Does MySQL stalls the whole cluster during DDL statements?


Recently, I read that Galera based MySQL cluster uses a concept called total order isolation (https://galeracluster.com/library/documentation/schema-upgrades.html#toi) for DDL's by default which stalls the writes on the whole cluster until it is commited on all the nodes.

How does MySQL handles DDL in native asynchronous replication ? Does it stall writes for the other schemas as well?


Solution

  • Native Replication sticks the DDL into the replication stream. When the command pops up in the Slave, it executes the DDL before moving on to other queries in the replication stream.

    Caveat: The above statement assumes old flavor, without multi-master replication or multiple replication threads. Regardless of this caveat the table being modified is blocked on the Slave just as it was on the Master.

    Galera's TOI goes to some extra effort to make sure all the nodes are in sync, even accounting for the DDL versus ordinary writes. Hnece the name "Total Order of Inserts".

    Galera's RSU is, in many cases, a viable alternative. It is not more invasive than a crash of each node, one at a time (hence "Rolling"). Assuming connections can failover to different nodes, RSU avoids other blockage.

    Still, you should make a conscious choice between RSU and TOI; there are use cases for dictating one versus the other.

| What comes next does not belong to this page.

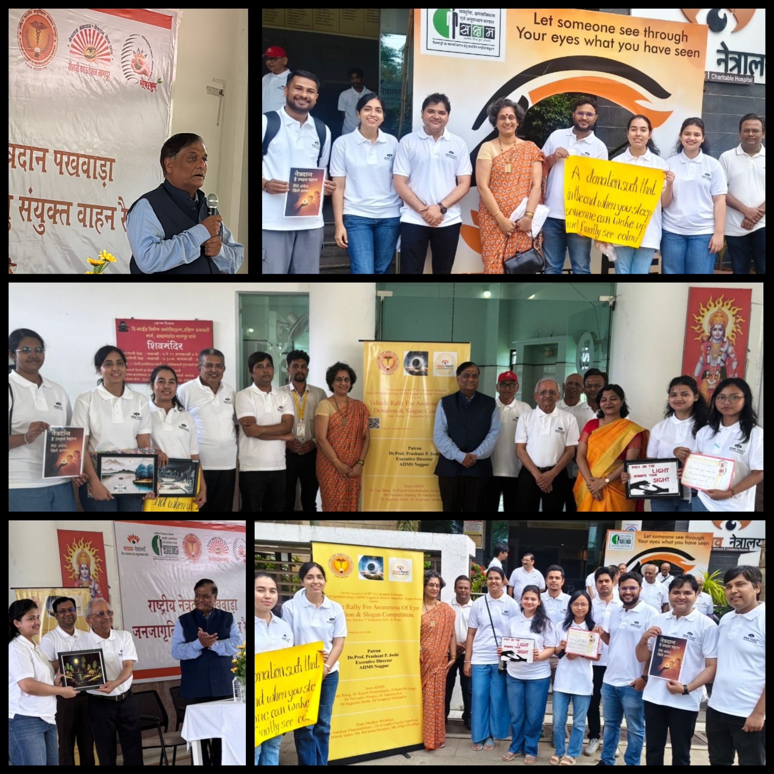 Dr. Prashant P. Joshi, Executive Director and CEO, AIIMS Nagpur, graced the occasion as the Chief Guest. The program also featured a thought-provoking awareness skit performed by children, aimed at busting myths surrounding eye donation and encouraging the community to come forward for this noble cause, in addition to a slogan contest for placards used for awareness by PGs of Ophthalmology AIIMS, Nagpur.

    In a distributed system (multiple nodes, multiple clients, etc), pushing code gets tricky. I like to take this approach, even though it leads to perhaps 3 times as many pushes:

    1. Push application code to discover whether the database change has been pushed. Have the code work either with the old schema or new. Do this "push" in a "rolling" manor
    2. Push the new schema (eg CREATE/ALTER TABLE).
    3. Clean up the code. (Again, "roll" it out to the many clients.)